The memory-store backs a 3-collection clinical knowledge graph: entities, relationships, claims.

Entity taxonomy

The taxonomy_category field (added in SPEC-05 §3) enables aggregation routing. Seed categories:

  • problem — conditions, diagnoses
  • symptom — patient-reported
  • intervention — medications, procedures
  • outcome — labs, vitals, patient-reported outcomes
  • population — cohort identifiers

Backfill migration: scripts/migrate-add-taxonomy-category.py (idempotent, resumable).

Claim lifecycle

Retrieval paths

Two complementary access patterns:

  • Graph traversal$graphLookup up to depth 4 over memory_relationships, producing entity → entity paths
  • Full-text — Atlas Search index claims_fts over encrypted-decrypted claim text (search handled server-side with encrypted-field considerations)

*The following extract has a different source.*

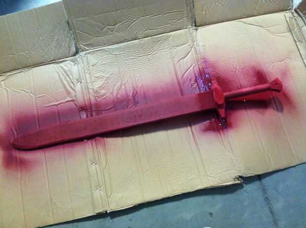 Después de seca la imprimación le di dos capas de una pintura en aerosol plata martillada. No quiero el efecto martillado pero estaba tratando de encontrar una pintura que le daría la apariencia de metal sin esa mancha metálica, porque nunca he visto una espada con fleck metálico en ella. Si usted rocía ligeramente realmente realmente puede evitar el look "martillado".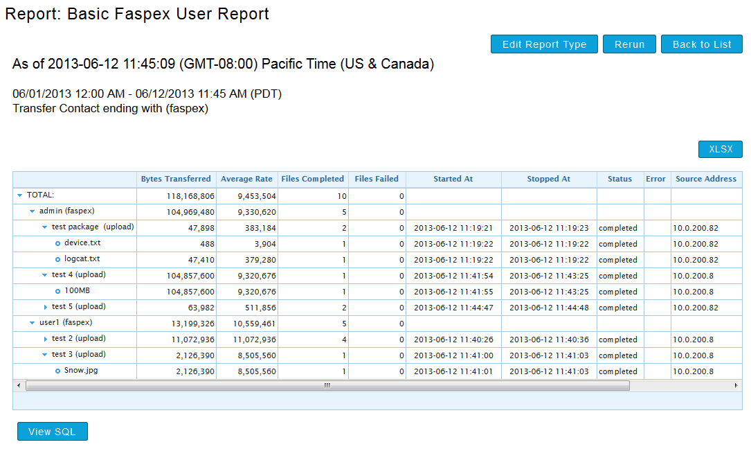 Faspex users. In our example, we will generate a report that displays transfer activity

The 4 routes combine these (see Hybrid retrieval).

Governance

  • Every entity has a patientId scope (or null for public ontology data)
  • Every claim has pii_fields[] marking which fields are PHI → serializer redacts
  • Every write audit-chained via AuditService.append()
  • Retention: entities + claims retained per patient's data-retention policy; findings (correlator/replicator/librarian) 180d TTL

MCP server (spec 044)

6 query operations exposed as Claude Code tools:

  • memory_find_entity_by_name
  • memory_get_claim_chain
  • memory_screen_completeness
  • memory_list_hypotheses
  • memory_graph_expand (capped at 2 hops)
  • memory_search_claims (consent-scoped when patient_id provided)

All tool calls emit memory.mcp.tool_invoked audit events with metadata-only payloads (tool_name, user_sub_hash, patient_id, latency_ms — no args or response content).